If you are getting a divorce from a narcissistic spouse, it can be tough. It is a challenge because they can be kind one minute and then turn on you the next. They want to be right — and they want to be in control.

Fortunately, while you might not be able to change their behavior, you can anticipate their actions and avoid providing them with the reactions that they are seeking. Below are some tips that can help you when divorcing a narcissistic spouse.

In it to win it

Your spouse will do what they can to “win” the divorce rather than settle out of court or through mediation. This may include dragging out the negotiation process, refusing good settlement offers and outright refusing to communicate with you or your attorney other than to go to court.

You need to be prepared for this.
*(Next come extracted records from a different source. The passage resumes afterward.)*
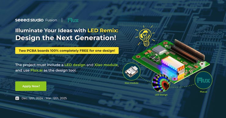 flux.ai and Seeed Studio have teamed up to make hardware prototyping a breeze for developers.With Flux's AI-powered design tools, you can quickly iterate on your ideas. With Seeed Fusion's rapid prototyping services, you can bring your designs to life in no time. Want to build a bravo LED project based on #Xiao? We can help you every step of the way.
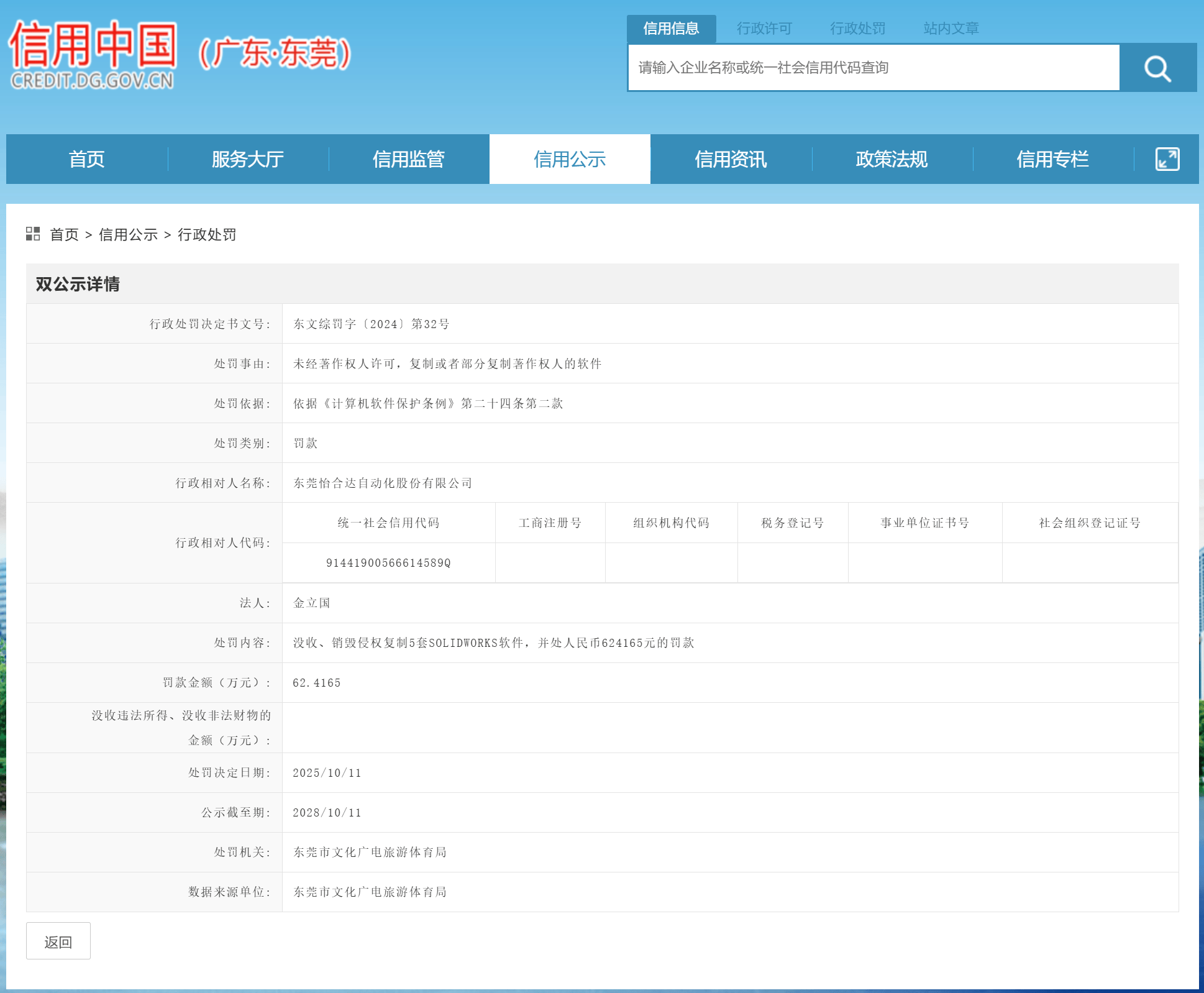 近日,南都记者从信用中国(广东东莞)获悉一则行政惩罚消息,东莞怡合达从动化股份无限公司(下称“怡合达”)因未经著做权人许可,被东莞市文化广电旅逛体育局、侵权复制5套SOLIDWORKS软件,
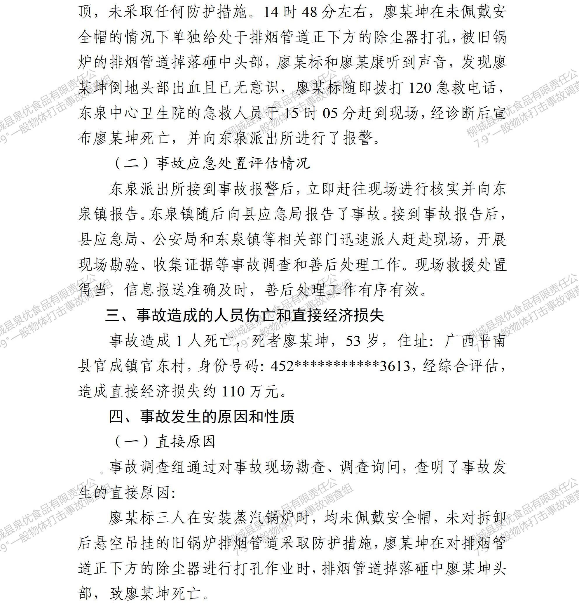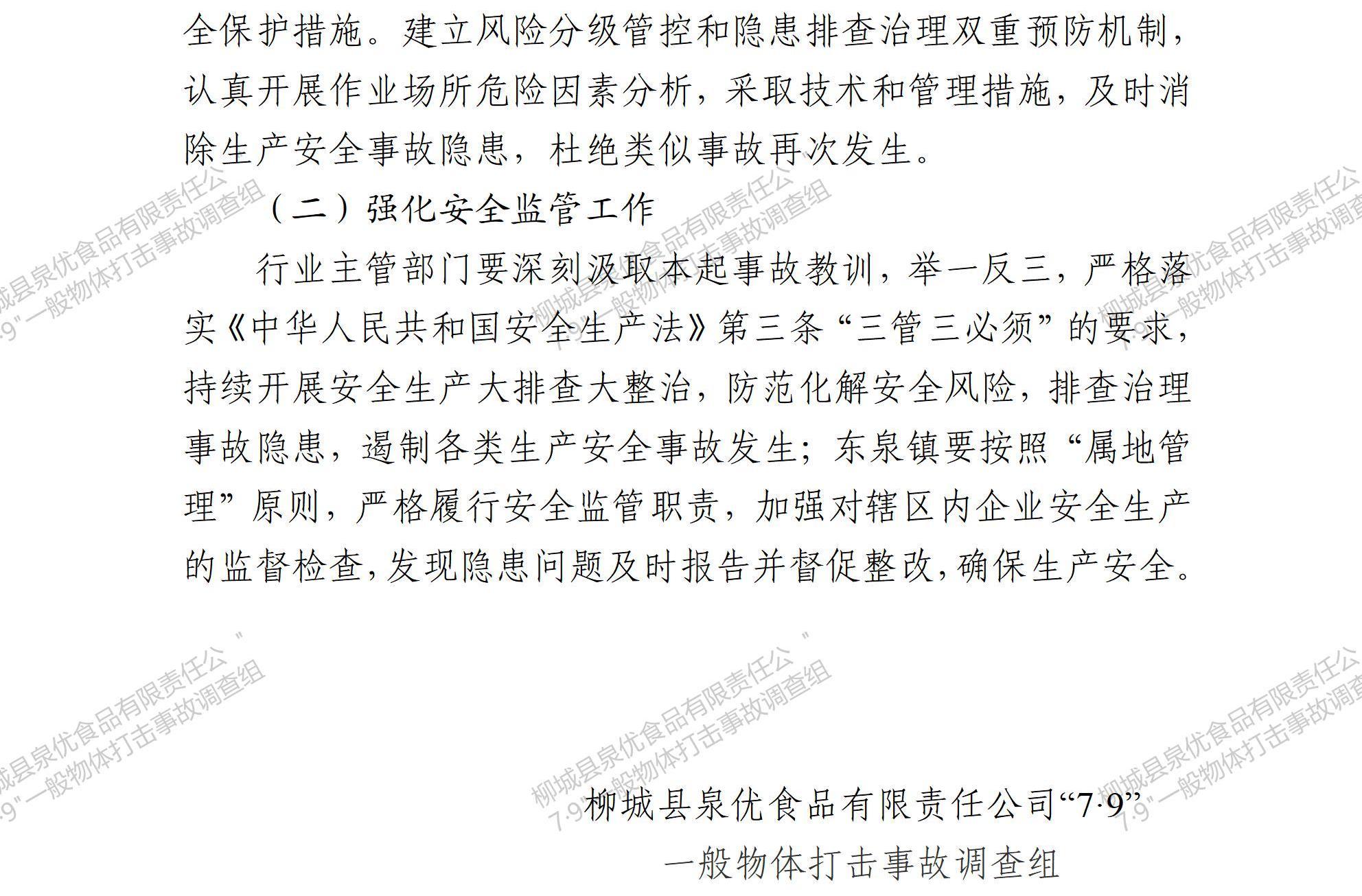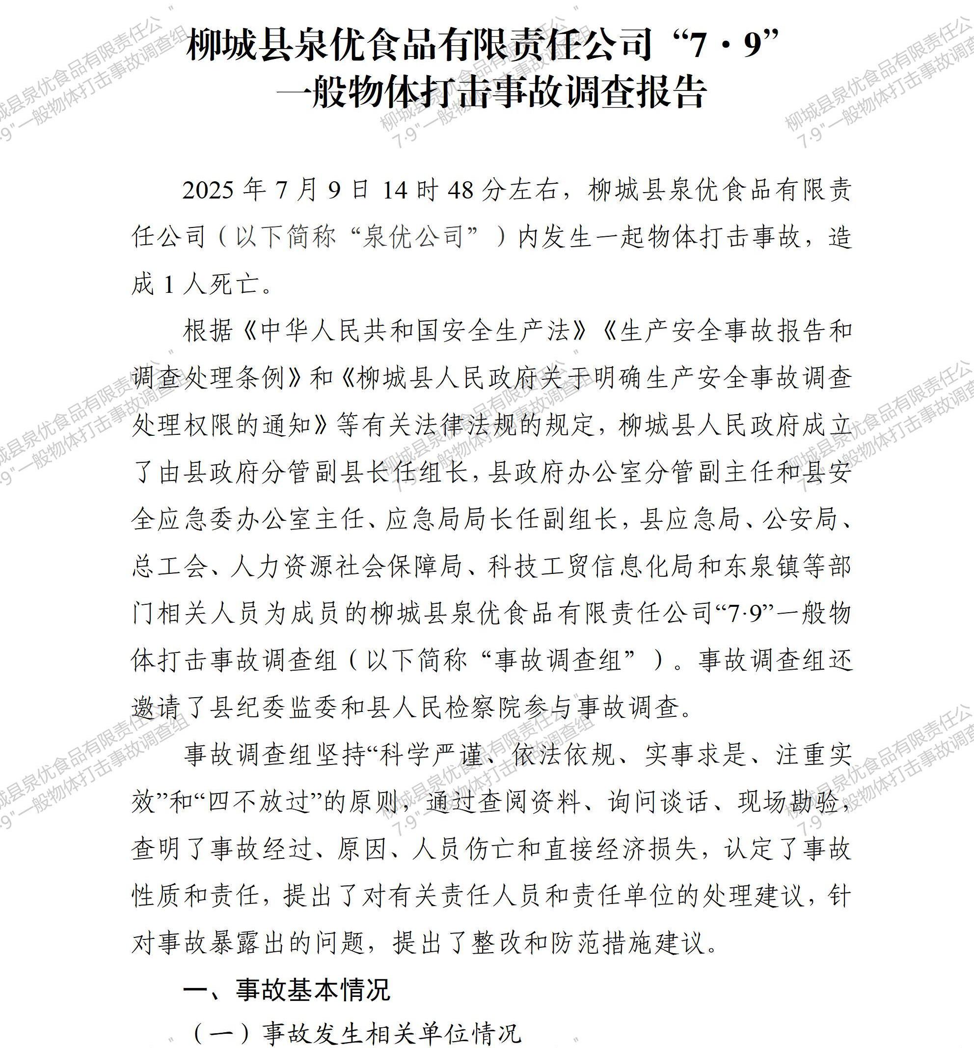 柳城縣泉優(yōu)食品有限責(zé)任公司“7·9”一般物體打擊事故調(diào)查報(bào)告
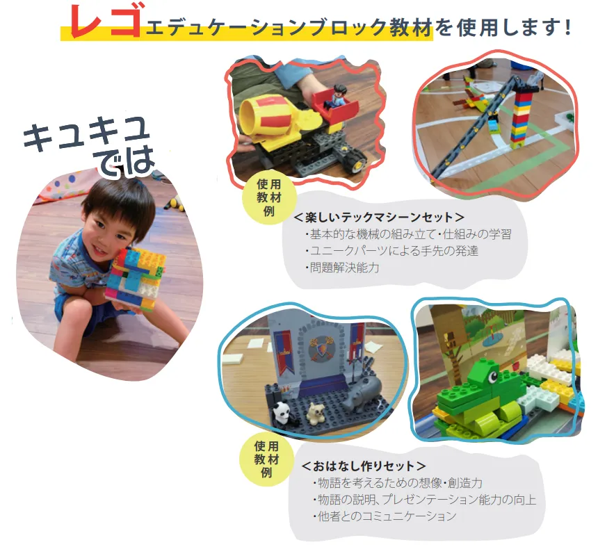子供たちが大好きなレゴ社のレゴエデュケーション教材を使用して、遊びの中で学べる仕組みが散りばめられています。手で触り・頭で考える・お話するなどの1つ1つが子供たちの成長に導きます。
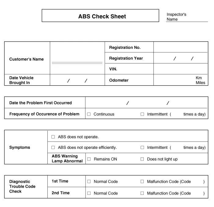 When current flows in the HECU the ABS warning lamp turns from ON to OFF as the initial check. Therefore if the lamp does not light up, the cause may be an open in the lamp power supply circuit, a blown bulb, an open in the both circuits between the ABS warning lamp and the HECU, and the faulty HECU. |
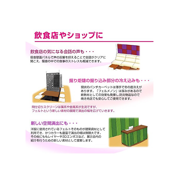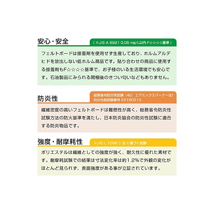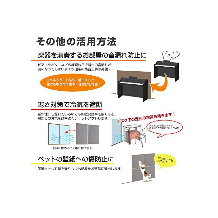 ※아이의 생활 소음의 문제:한창 클 때의 아이 들은,돌아다니거나 큰소리를 나와 하거나가 일상다반사.마루나 벽면에 펠트 보드를 사용 하면 건강한 아드님의 발소리의 경감이나 방 전체의 흡음효과도 발휘합니다.
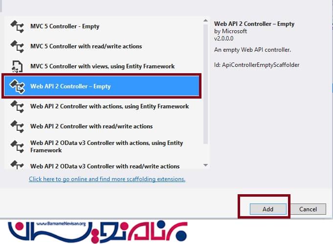 بر روی فولدر Controller کلیک راست کرده و Web API 2 Empty controller به صورت زیر ایجاد کنید.

Your attorney will be there to help you navigate your next steps when your spouse tries to obstruct the divorce.

Document your case carefully

Document everything. Narcissistic spouses may attempt to ruin your good name, so keep track of all communications and actions they take that could negatively affect you.

If they are calling to harass you, keep copies of voicemails or report the abuse immediately to your attorney and the police. If they send you a nasty letter, make copies for court.

Be ready for court

Be prepared to go to court. There is a good chance that your spouse will drag out your case until you get to a courtroom. Your family law attorney will prepare you to win your case by documenting your spouse’s bad behavior. Have your documentation ready, so on the day of court you aren’t involved in a paper chase.

During this challenging time, it might be helpful to engage in some short-term counseling to help you recover emotionally and mentally from the damage of being married to a narcissist. Your doctor or attorney may be able to recommend a good counselor for you.